桜博士 勝木俊雄
かつきとしお/森林総合研究所所属。専門は樹木学、植物分類学、森林生態学で、約30年にわたりサクラの分類と保全の研究に取り組んでいる。著書に『桜』(岩波新書)、『桜の科学』(サイエンス・アイ新書)などがある。
サクラから見えてくる地域のヒストリー
サクラを研究対象として扱うようになって30年以上になり、最近では樹木医と接する機会が増えて、全国の様々なサクラを見てきました。そうしたなかで印象に残るサクラとは、いずれもその地域や関わった人の歴史を伝えてくれるものです。
‘染井吉野’はたしかに美しい栽培品種なのですが、若木の姿はどれも同じでおもしろ味に欠けます。しかし、開成山の桜やがいせん桜のように樹齢100年を超えてくると、凸凹した幹からこれまでの成長の過程や訪れた障害が読み取れますし、管理に関わった方々の話をあわせて聞くと、おもしろいことこの上ありません。

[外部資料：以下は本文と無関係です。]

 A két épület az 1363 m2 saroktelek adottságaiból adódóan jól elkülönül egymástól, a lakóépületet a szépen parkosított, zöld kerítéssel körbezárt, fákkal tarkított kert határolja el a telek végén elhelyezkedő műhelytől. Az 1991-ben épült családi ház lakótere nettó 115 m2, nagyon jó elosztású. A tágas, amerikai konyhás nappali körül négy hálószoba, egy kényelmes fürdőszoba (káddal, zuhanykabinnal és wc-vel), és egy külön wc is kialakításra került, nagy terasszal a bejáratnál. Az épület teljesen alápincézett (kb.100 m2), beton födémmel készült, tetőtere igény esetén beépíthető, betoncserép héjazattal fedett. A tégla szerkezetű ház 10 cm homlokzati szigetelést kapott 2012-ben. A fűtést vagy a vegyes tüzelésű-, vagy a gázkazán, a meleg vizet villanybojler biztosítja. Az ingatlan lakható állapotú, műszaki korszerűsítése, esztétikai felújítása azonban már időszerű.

また、桜川市の桜のように平安時代からの歴史をもつサクラの名所では、数百年スケールでのサクラと人との物語を知ることができます。平安時代に紀貫之がどのような思いで桜川の歌を詠んだのか、江戸時代に徳川光圀が桜川をどのように見たのか、話題に事欠きません。
一方、野生のサクラはさらに長い時間の物語を教えてくれます。私が名づけたクマノザクラは、紀伊半島南部だけに分布する野生種の一つで、カスミザクラに近縁です。遅咲きで寒冷な気候に適応していたカスミザクラが、おそらく数万年以上の時間をかけて、早咲きで温暖な気候に適応したクマノザクラに分化したと想像されます。
また、現在研究しているツクシヤマザクラはまだその詳細がはっきりしていないのですが、ヤマザクラが九州南部で分化したものと思われます。トカラ列島のものは典型的な形態を示していますが、屋久島や種子島のものは変異が大きく、どのような分化の過程を経てこのような形となったのか考えると、興味が尽きません。
もちろん、単純にきれいなサクラの花を楽しむお花見もいいのですが、個々のサクラをよく観察して、地元の人などから話を聞くことからその地域の歴史を知ると、よりお花見を楽しむことができるでしょう。
勝木さんの「地域のヒストリーが見える桜」5選
開成山の桜 (福島県郡山市)
明治9~11年(1876~1878)に植栽された記録が残る染井吉野。幹が現存する最も古い染井吉野である。
●東北新幹線郡山駅からバス10分の郡山市役所下車すぐ
桜川市の桜 (茨城県桜川市)
平安時代から知られるヤマザクラとカスミザクラの名所。国の名勝・天然記念物に指定されている。
●JR水戸線羽黒駅下車ほか
がいせん桜 (岡山県新庄村)
日露戦争の戦勝記念として、明治39年(1906)に植栽された染井吉野。出雲街道の宿場町の面影を伝えている。
●JR姫新線中国勝山駅からバス40分の新庄村役場下車、徒歩2分
池野山のクマノザクラ (和歌山県古座川町)
2018年に発表された新種・クマノザクラのタイプ木が存在する地。常緑樹林の中に3月上旬からクマノザクラが咲く。
●JR紀勢線古座駅から車10分
諏訪之瀬島のツクシヤマザクラ(鹿児島県十島村)
ヤマザクラの変種であるツクシヤマザクラの南限地。鹿児島県の天然記念物に指定されている。